[Saved entries]
::::::::::

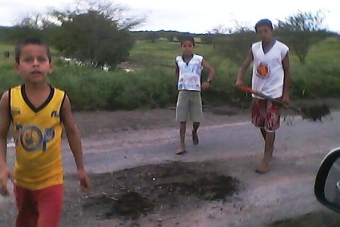 Com as enchentes que destruíram vários municípios e rodovias em Pernambuco e Alagoas, o tráfego de veículos pesados aumentou na BR-423 que cruza o Sertão do Estado. Com isso, a rodovia está danificada e crianças se arriscam para ganhar algum “trocado” tampando buracos.
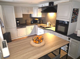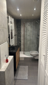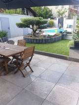 Elle se compose au RDC d'une belle entrée, d'une cuisine entiérement équipée avec coin repas et comptoir , d'un beau salon-séjour avec accès sur un magnifique exterieur entièrement paysagé, d'une salle d'eau avec douche à l'italienne, vasque, WC et placards équipés.
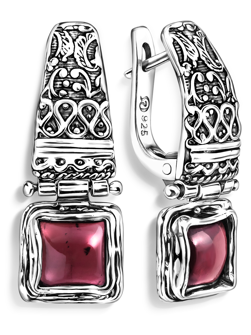 Серебряные серьги в этническом стиле с натуральным гранатом. Декоративная глухая закрепка граната украшает изделие. Надежный английский замок также украшен узором. Подвижный подвесной элемент придает висячей серьге легкости. Длинные бордовые серьги-подвески серебро 925 выгодно подчеркнут вашу индивидуальность, могут быть вечерним аксессуаром или серьгами на каждый день.
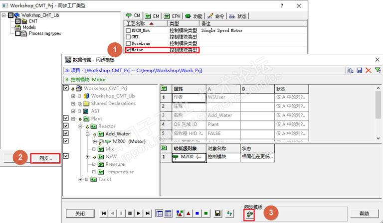 CMT 的另一大优势是支持 CMT 到 CM 的同步。即使项目前期考虑再周全也难免在实际调试中遇到特殊实例的情况。如果使用早期的 PTT(过程标签类型) 功能,只能删除后重新导入或逐个修改这些特殊实例。而基于 CMT 模板时,无论何时都可以实现 CMT 到 CM 的同步更新。
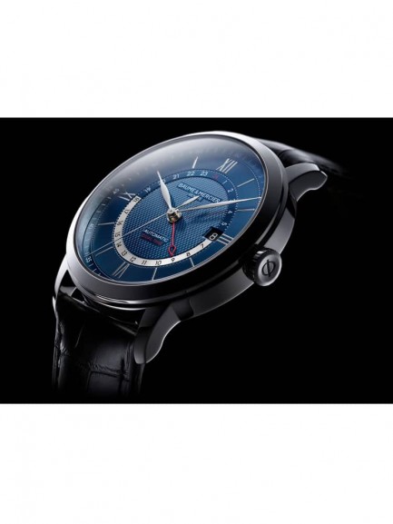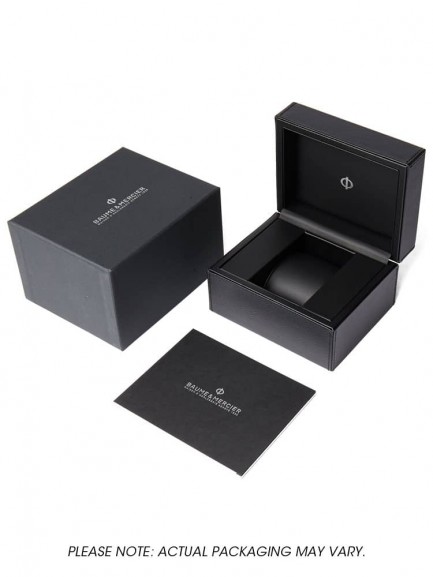 The Baume & Mercier 10482 Classima watch combines a 42mm round shaped stainless steel case and black leather strap with a triple folding clasp and push button. It has a blue analogue dial with a date display and a red pointer indicating a 2nd time zone, all of which is protected beneath scratch resistant sapphire crystal glass. Power is generated by the Swiss made ETA 2893-2 automatic movement with 21 rubies and a power reserve of up to 42 hours. This model also has a sapphire crystal case back and water resistance of up to 50 metres.
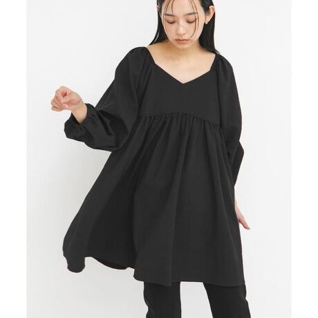 袖に大きくタックをとったデザインがポイントのミニワンピース。衿はスクエアベースの浅いVネック、スクエアネックの前後2WAY仕様になっており、どちら側を前にしてもデコルテをきれいに見せてくれます。体型カバーが期待できるサイジングもポイントです。1枚着はもちろん、パンツをレイヤードした着こなしもおすすめです。
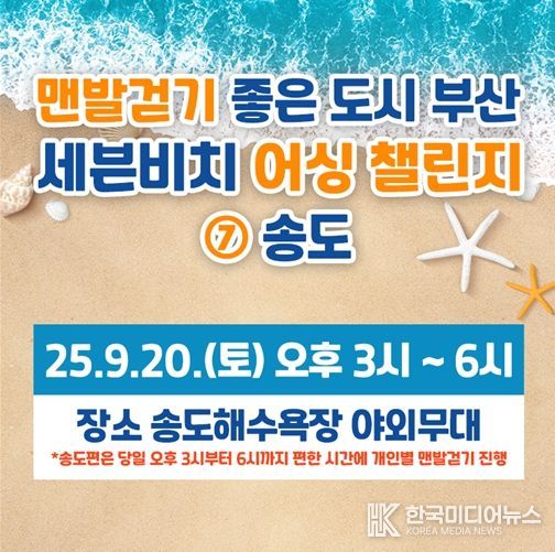 [ 한국미디어뉴스 이원영 기자 ] 부산시는 오는 20일 토요일 오후 3시 송도해수욕장 일원에서 '맨발걷기 좋은 도시 부산, 세븐비치 어싱챌린지'의 마지막 일곱 번째 편을 개최한다고 밝혔다.
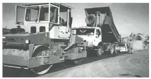 7.5.6 Температура при распределении битума: - для вязких битумов марок БНД 60/90, БНД 90/130 в пределах +150° - +160°С; - для марок БНД 130/200 в пределах +100° - +130°С; - для полимербитумных вяжущих в пределах +140° - +160°С. Температуру и концентрацию эмульсии устанавливают в зависимости от погодных условий следующим образом: - при температуре воздуха ниже +20°С эмульсия должна иметь температуру +40 - +50°С (при концентрации битума в эмульсии 55–60 %). Подогрев эмульсии до такой температуры осуществляется непосредственно автогудронатором; - при температуре воздуха выше +20°С эмульсию можно не подогревать (при концентрации битума в эмульсии 50 %). 7.5.7 Щебень необходимо распределять сразу после розлива битума (не допуская его загустевания). Дополнительного нагрева щебня перед распределением не требуется. Распределение щебня производится самоходными или навесными щебнераспределителями, осуществляющими распределение “в одну щебёнку” при плотном расположении по поверхности обрабатываемого покрытия. Не допускаются пропуски и чрезмерное распределение щебня по поверхности. После прохода распределителя щебня окончательное выравнивание и исправление поверхности осуществляется вручную гладилками и скребками. 7.5.8 Сразу после россыпи щебня производится уплотнение гладковальцовыми катками массой 6-8 тонн (4-5 проходов по одному следу). Затем тяжелыми гладковальцовыми катками массой 10-12 тонн (2-4 прохода по одному следу). Для лучшего проявления шероховатой структуры целесообразно последнюю стадию уплотнения производить гладковальцовыми катками с обрезиненными вальцами. 7.5.9 При использовании битумных эмульсий работы ведутся в следующем порядке: - смачивание обрабатываемого покрытия водой (возможно с активирующими добавками) в количестве 0,4-0,5 л/м2; - розлив эмульсии по покрытию в количестве 30 % от расхода, указанного в таблице 8; - распределение 70 % щебня от расхода, указанного в таблице 10 (разрыв не более 20 м с интервалом во времени не более 5 мин. от момента розлива эмульсии); - розлив оставшейся эмульсии; - распределение оставшегося щебня; - укатка катками массой 6-8 тонн по 3-4 прохода по одному следу (начало укатки должно совпадать с началом распада эмульсии); - уход за устроенной поверхностью. 7.5.10 Уход за поверхностной обработкой осуществляется в течение первых двух-четырех суток после устройства и заключается в регулировании движения (последовательные проходы автотранспорта по определенным продольным полосам со скоростью не более 40 км/час) и систематическом наметании неприжившегося щебня механическими щетками с кромки на покрытие. По истечении срока ухода неприжившийся щебень должен быть удален с поверхности покрытия. В случае использования анионактивной эмульсии движение следует открывать не ранее чем через одни сутки после устройства поверхностной обработки. 7.5.11 При назначении расходов материалов для устройства шероховатого слоя методом поверхностных обработок рекомендуется также использовать Индивидуальные элементные сметные нормы и расценки на работы по ремонту автомобильных дорог с использованием новой техники и технологий (2003 г.). 7.6 Устройство поверхностных обработок с использованием литых эмульсионно-минеральных смесей (ЛЭМС, “Сларри Сил”, микросурфасинг и др.): Материалы для устройства ЛЭМС выбираются с учетом ВСН 27-76, ТУ 218 РСФСР 536-85, Пособ

::::::::::

### [Problem details]
Beginning with the line above that contains "CMT 的另一大优势是支持 CMT" and finishing with the line that contains "[ 한국미디어뉴스 이원영", print those lines exactly and only. Skip all pictures.

### [Answer for the task]
 CMT 的另一大优势是支持 CMT 到 CM 的同步。即使项目前期考虑再周全也难免在实际调试中遇到特殊实例的情况。如果使用早期的 PTT(过程标签类型) 功能,只能删除后重新导入或逐个修改这些特殊实例。而基于 CMT 模板时,无论何时都可以实现 CMT 到 CM 的同步更新。
 The Baume & Mercier 10482 Classima watch combines a 42mm round shaped stainless steel case and black leather strap with a triple folding clasp and push button. It has a blue analogue dial with a date display and a red pointer indicating a 2nd time zone, all of which is protected beneath scratch resistant sapphire crystal glass. Power is generated by the Swiss made ETA 2893-2 automatic movement with 21 rubies and a power reserve of up to 42 hours. This model also has a sapphire crystal case back and water resistance of up to 50 metres.
 袖に大きくタックをとったデザインがポイントのミニワンピース。衿はスクエアベースの浅いVネック、スクエアネックの前後2WAY仕様になっており、どちら側を前にしてもデコルテをきれいに見せてくれます。体型カバーが期待できるサイジングもポイントです。1枚着はもちろん、パンツをレイヤードした着こなしもおすすめです。
 [ 한국미디어뉴스 이원영 기자 ] 부산시는 오는 20일 토요일 오후 3시 송도해수욕장 일원에서 '맨발걷기 좋은 도시 부산, 세븐비치 어싱챌린지'의 마지막 일곱 번째 편을 개최한다고 밝혔다.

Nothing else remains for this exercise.